Exercise requirements:
Please restate every line below exactly, without any pictures.

:: Dataset section

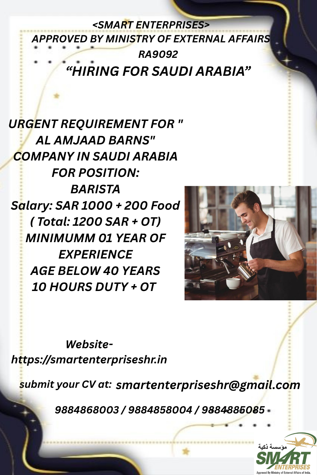 URGENT REQUIREMENT FOR ” AL AMJAAD BARNS” COMPANY IN SAUDI ARABIA
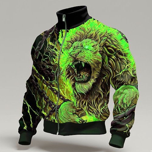 Per uomo Leone Fiamma Giacca di pelle Felpa Cool Quotidiano Fantasia Pantaloni Tattici Collo alla coreana All'aperto Abbigliamento casual alla moda Feste Viola Arancione Verde Con zip Primavera
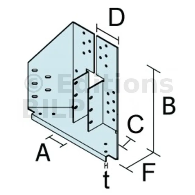 Les entraxes et les distances au bord doivent être vérifiés selon les règles de l’Eurocode 5, pour le groupe de 10 pointes situées dans la partie haute de l’étrier, en fonction de l’épaisseur du support et de la dimension de l’élément vertical. L’utilisation d’un porteur d’épaisseur 147 mm doit également être vérifiée.
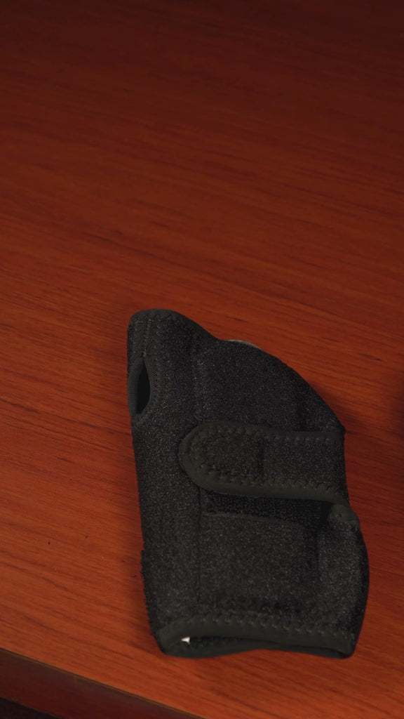 Férula para muñeca en neopreno, con barra palmar y 3 cierres de velcro, bordes ribeteados, y reversible, con barra estabilizadora.

::::

Output for this exercise:
 URGENT REQUIREMENT FOR ” AL AMJAAD BARNS” COMPANY IN SAUDI ARABIA
 Per uomo Leone Fiamma Giacca di pelle Felpa Cool Quotidiano Fantasia Pantaloni Tattici Collo alla coreana All'aperto Abbigliamento casual alla moda Feste Viola Arancione Verde Con zip Primavera
 Les entraxes et les distances au bord doivent être vérifiés selon les règles de l’Eurocode 5, pour le groupe de 10 pointes situées dans la partie haute de l’étrier, en fonction de l’épaisseur du support et de la dimension de l’élément vertical. L’utilisation d’un porteur d’épaisseur 147 mm doit également être vérifiée.
 Férula para muñeca en neopreno, con barra palmar y 3 cierres de velcro, bordes ribeteados, y reversible, con barra estabilizadora.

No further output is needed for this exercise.